I think that anybody given to self-observation will notice that sometimes our worst enemy is ourselves. They say we have guardian angels; I think we also have inner saboteurs. There is, I believe, a war going on in us all the time. But the enemy is not Satan but rather our rogue thoughts.
So I perk up at stories that show how people wreak havoc on
themselves with their own beliefs.
Walter Cannon has described the phenomenon of voodoo
death. A perfectly healthy man
learns that some sorcerer has pointed the bone at him, with the intent of a
spell to kill him. The victim is
terrified and feels defenseless. He lies down, his whole vital apparatus
crashes, and he dies. Voodoo death
illustrates the violence we can inflict on ourselves--all by virtue of what we believe and what we expect.
Voodoo death is an extreme form of so-called nocebo, the opposite of the well-known
placebo effect. The placebo is a mystery
in plain sight, an embarrassment to doctors and pharmacologists.
Example: antidepressant drugs are only a small percentage
more effective than placebos, non-drugs whose beneficial effects are based
solely on the positive beliefs they induce in patients.
The positive effects of placebo are well known but not the
negative effects of nocebo. My
guess is that we seriously underrate the amount of harm we can do to
ourselves. We are after all
immersed in pathogenic ideation; just watch the commercials on the evening news—or
the news itself. The harm is not
deliberate but the result of subconscious suggestions operating on us.

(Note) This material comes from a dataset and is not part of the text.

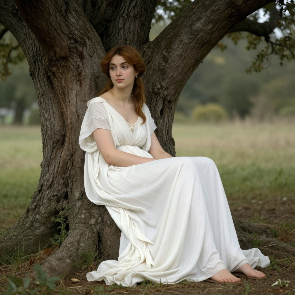 Photograph of a young Caucasian woman with fair skin and long auburn hair, sitting against a large, textured tree trunk in a grassy field. She wears a flowing, white, Grecian-style dress with short, billowing sleeves and a deep V-neck, barefoot on the ground. Her expression is thoughtful, gazing slightly to the left. The background features blurred greenery and a soft focus on the horizon, creating a serene, natural setting. The lighting is natural, highlighting the white dress and her serene presence. The image conveys a timeless, classical aesthetic.

In one case, a man was depressed over a fight with his friend
and swallowed 29 anti-depression pills; he became lethargic, blood pressure
dropped abnormally, and his pulse raced abnormally. When the man’s doctor told
him the pills were placebos and not the cause of his physical distress, the man
was relieved, and his symptoms disappeared. He took the pills believing something would happen to him;
something physically real did, but because he expected it—the effects were literally
manufactured by his mind.(See Shayla Love, Power
of Nocebo Effect, VICE. March, 2019)
Normally, we have no way of knowing what beliefs, images and
emotions are affecting or threatening our lives. Most people today are not
vulnerable to voodoo death; we’re too rational to believe it is possible. But that doesn’t mean there aren’t more subtle kinds of sorcery. I can
think of one possible agency where vulnerable minds may become victims of subtle
‘voodoo’ death or possession—the Internet. A big topic. Ideas on this, anybody?